È possibile scaricare ESAPI.properties da here.

È possibile creare autonomamente il file ESAPI.properties e posizionare lì lo stesso contenuto. Dovrebbe essere inserito nella cartella 'src/main/resources'.

Inoltre è necessario il file validation.properties per gestire XSS, che deve essere inserito nella cartella 'src/test/resources'.

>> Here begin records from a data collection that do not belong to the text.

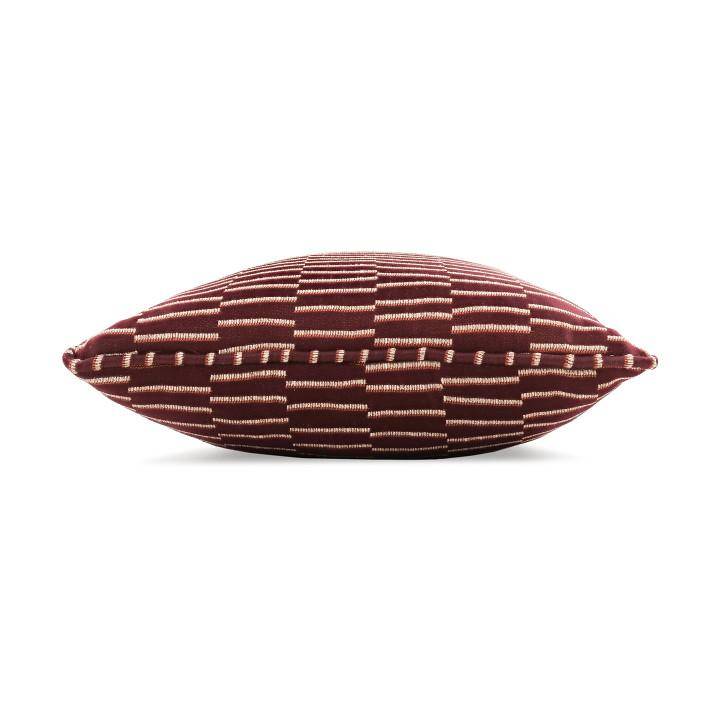 Die sorgfältig abgestimmte Materialmischung aus 51 % Baumwolle, 28 % Polyester, 17 % Polyamid und 4 % Polyacryl sorgt für Stabilität, angenehme Haptik und langlebige Qualität. Das strukturierte Gewebe verleiht dem Kissen eine ausdrucksstarke Oberfläche mit klar definiertem Charakter.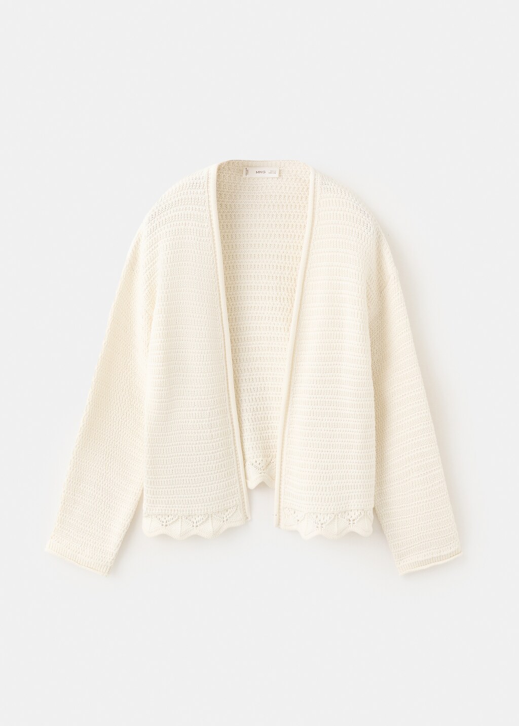 100% cotton fabric. Open-knit fabric. Straight design. Long sleeves. Scalloped details. No Fastening.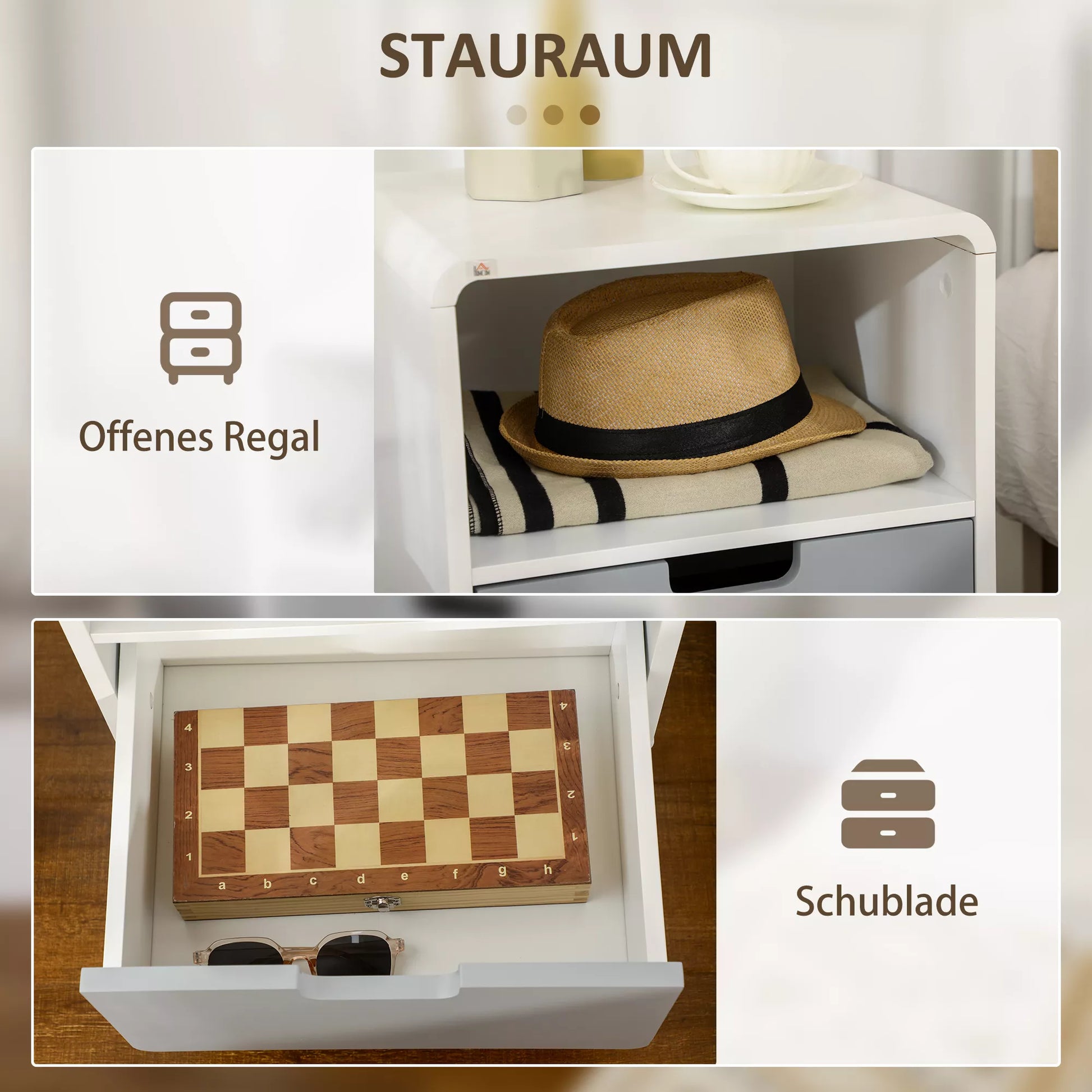 Naktinis staliukas, skandinaviško dizaino, su didele stalčiumi, vandeniui atsparus lakas, 40 x 38 x 58 cm, Balta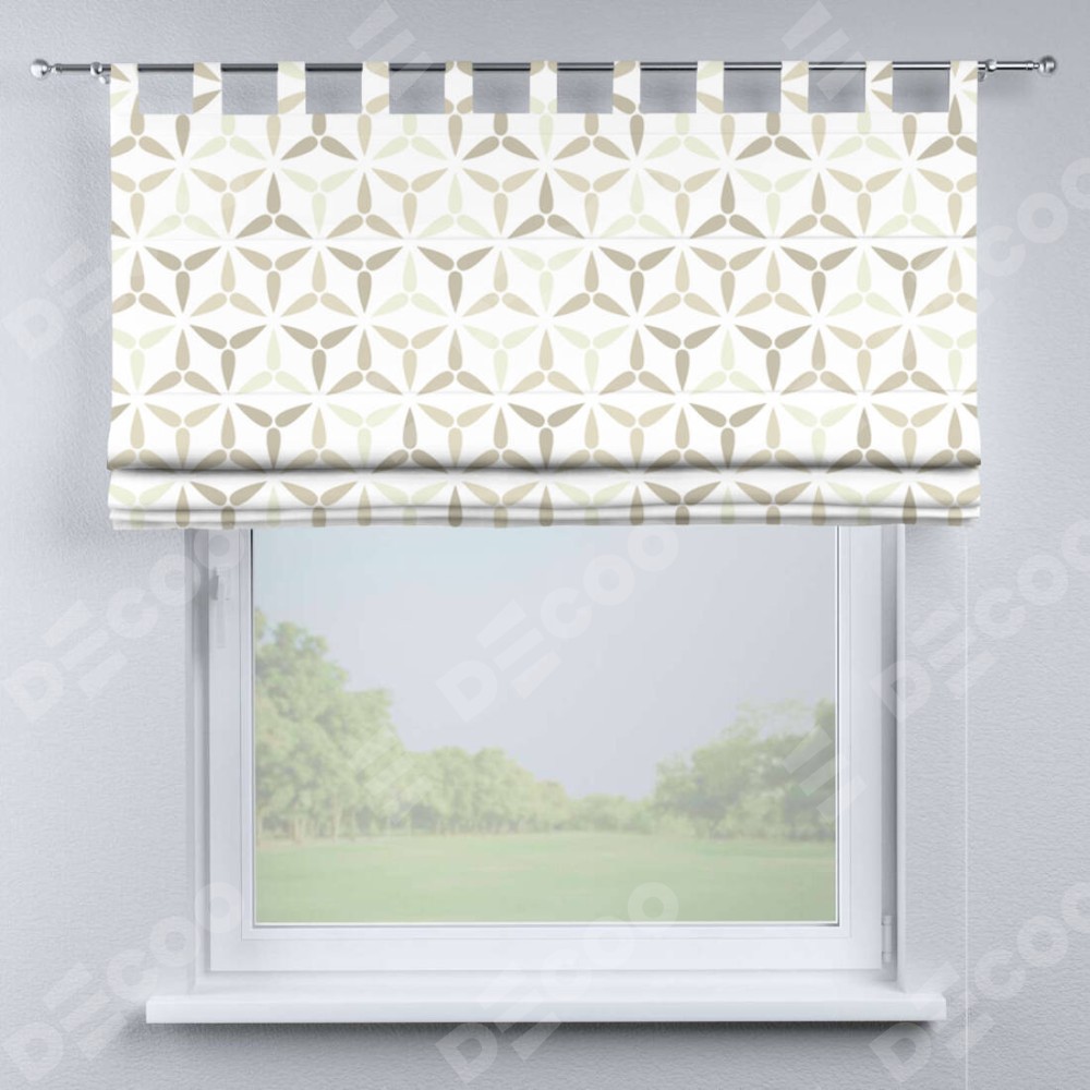 Римская штора производителя «Cortin», используется для проёма, пошита из ткани блэкаут с нанесением сублимационной печати «Бежевая графика». Данная модель пошита на петлях, комплектуется на выбор круглым карнизом и подходит для монтажа на стену. Римская штора на петлях имеет простую систему регулировки высоты, отличительным преимуществом данной модели является простой способ монтажа. Достаточно повесить ее на трубу и штора готова!

Assicurati di cambiare il nome dell'applicazione in queste proprietà di file per l'applicazione come in

Validator.Redirect=^\\/test.*$ 

test dovrebbe essere sostituito con il nome dell'applicazione.

Answer 2

Cercavo stesso file durante la distribuzione mia webapp mi è stato sempre -

Mar 08, 2017 1:23:12 PM org.apache.catalina.core.StandardWrapperValve invoke 
SEVERE: Servlet.service() for servlet [mvc-dispatcher] in context with path [/WebDynamo] threw exception [org.owasp.esapi.errors.ConfigurationException: java.lang.reflect.InvocationTargetException SecurityConfiguration class (org.owasp.esapi.reference.DefaultSecurityConfiguration) CTOR threw exception.] with root cause 
java.lang.IllegalArgumentException: Failed to load ESAPI.properties as a classloader resource. 
    at org.owasp.esapi.reference.DefaultSecurityConfiguration.loadConfigurationFromClasspath(DefaultSecurityConfiguration.java:667) 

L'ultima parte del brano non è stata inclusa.